- Exercise prompt
From the line that has "25/02/2025- Crolles. Le" down to the last line of the data below, set down every line exactly, but none of the pictures.

- Information shown
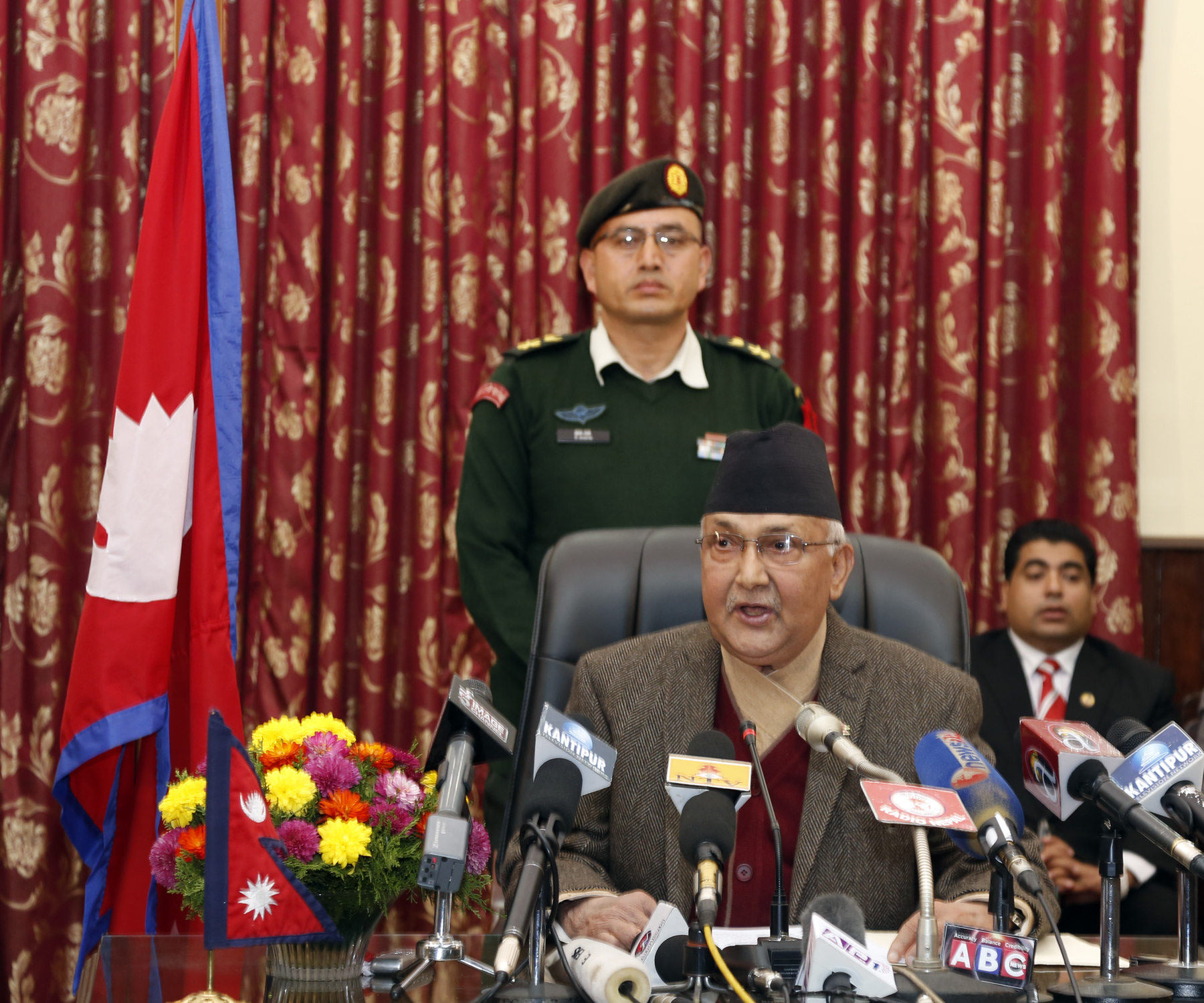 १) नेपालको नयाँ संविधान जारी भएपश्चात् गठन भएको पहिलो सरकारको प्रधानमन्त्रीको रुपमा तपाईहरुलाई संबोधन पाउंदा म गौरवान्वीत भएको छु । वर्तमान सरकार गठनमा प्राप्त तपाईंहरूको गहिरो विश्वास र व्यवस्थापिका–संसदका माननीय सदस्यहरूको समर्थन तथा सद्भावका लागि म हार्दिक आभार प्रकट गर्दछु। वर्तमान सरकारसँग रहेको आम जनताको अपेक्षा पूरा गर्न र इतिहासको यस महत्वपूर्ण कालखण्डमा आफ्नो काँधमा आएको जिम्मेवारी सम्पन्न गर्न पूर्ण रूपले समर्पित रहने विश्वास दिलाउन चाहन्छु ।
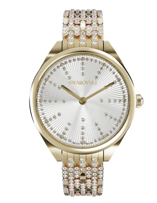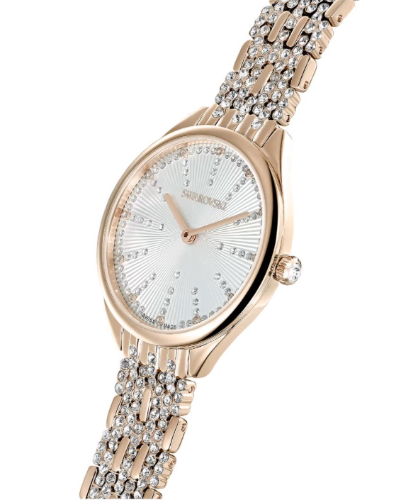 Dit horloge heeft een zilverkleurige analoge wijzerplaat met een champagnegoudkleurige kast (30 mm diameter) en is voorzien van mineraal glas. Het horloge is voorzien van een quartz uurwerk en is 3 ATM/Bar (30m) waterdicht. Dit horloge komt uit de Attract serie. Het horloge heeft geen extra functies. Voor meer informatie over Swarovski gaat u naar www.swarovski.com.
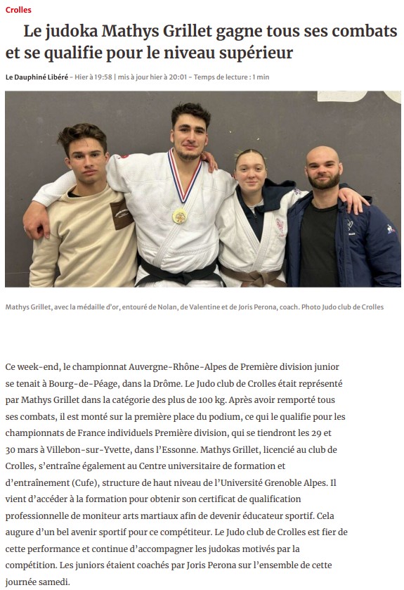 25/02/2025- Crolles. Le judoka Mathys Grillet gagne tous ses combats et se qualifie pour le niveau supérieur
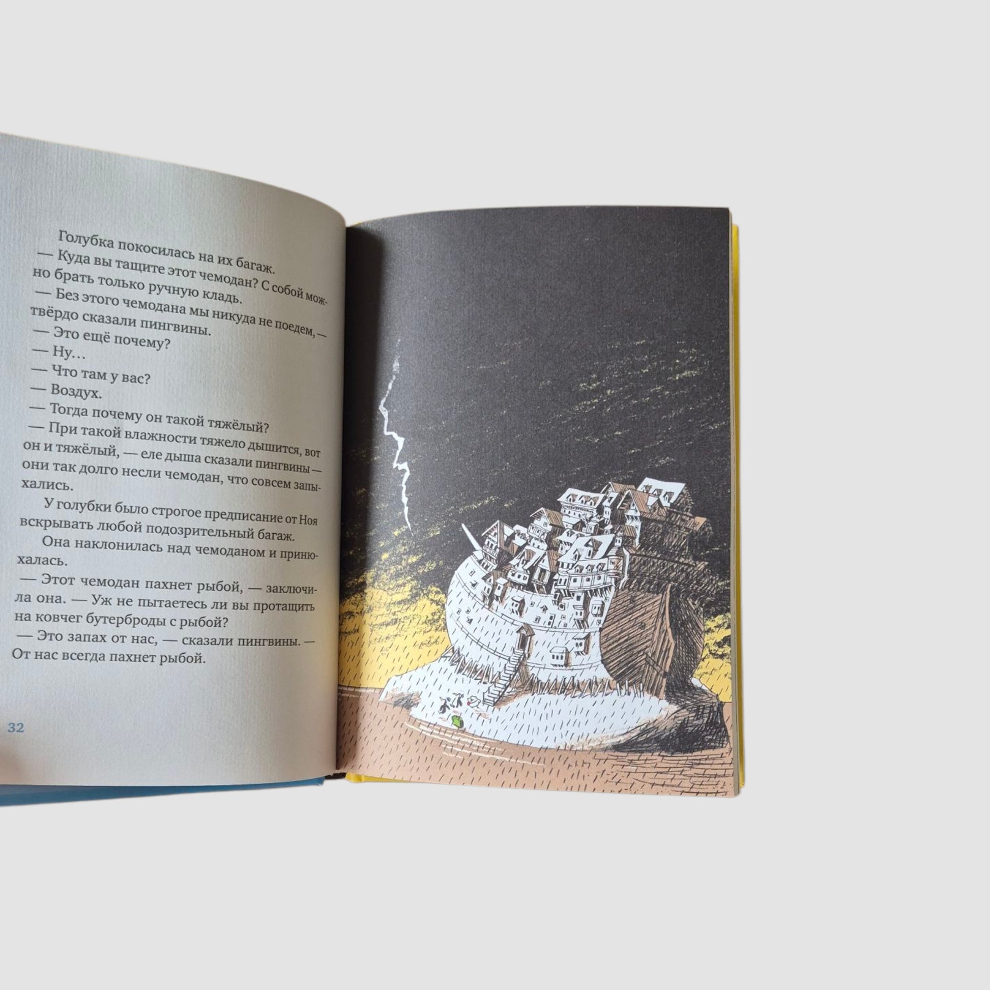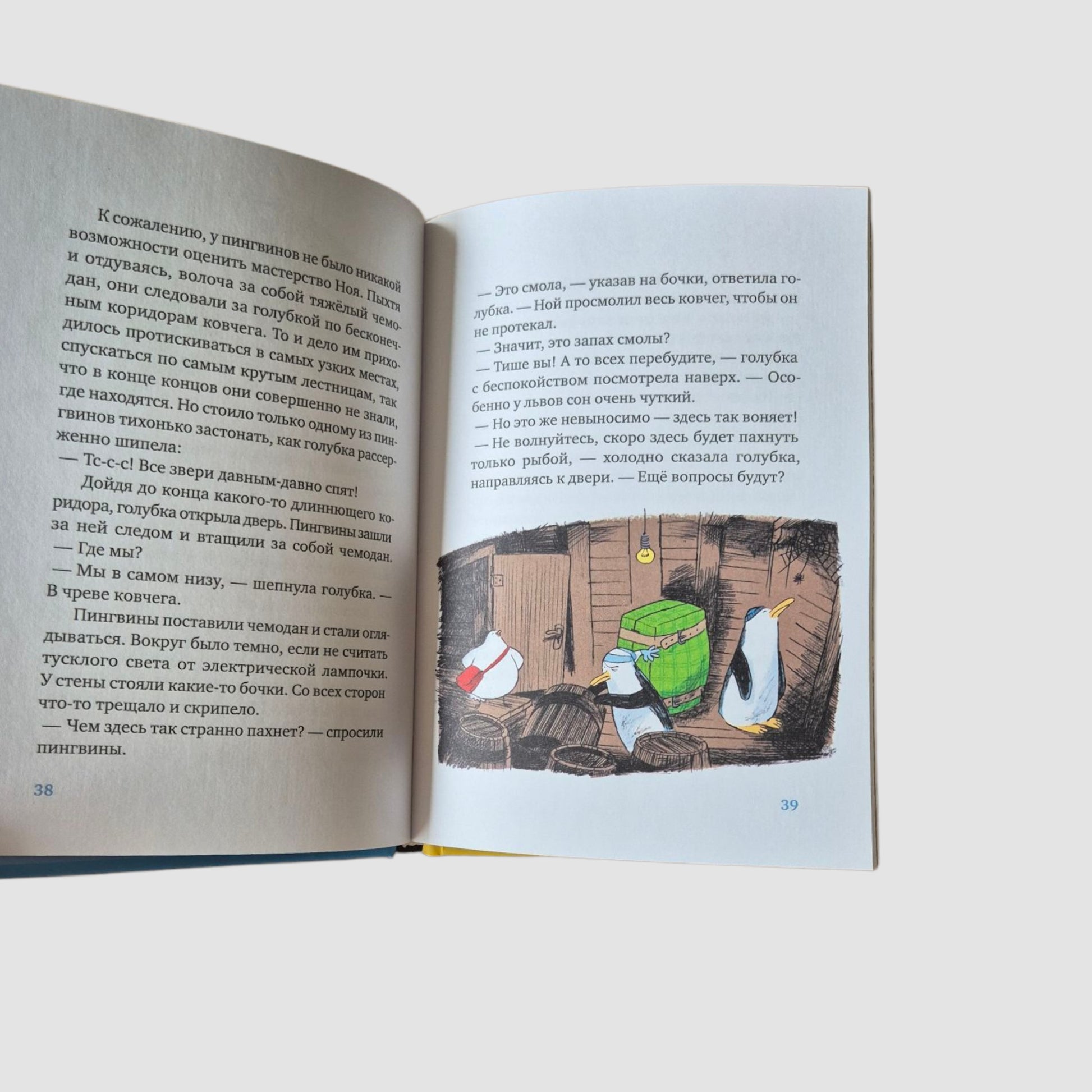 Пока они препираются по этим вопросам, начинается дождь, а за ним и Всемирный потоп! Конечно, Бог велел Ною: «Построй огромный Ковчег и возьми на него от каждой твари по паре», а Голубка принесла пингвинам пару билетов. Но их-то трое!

- Solution
 25/02/2025- Crolles. Le judoka Mathys Grillet gagne tous ses combats et se qualifie pour le niveau supérieur
 Пока они препираются по этим вопросам, начинается дождь, а за ним и Всемирный потоп! Конечно, Бог велел Ною: «Построй огромный Ковчег и возьми на него от каждой твари по паре», а Голубка принесла пингвинам пару билетов. Но их-то трое!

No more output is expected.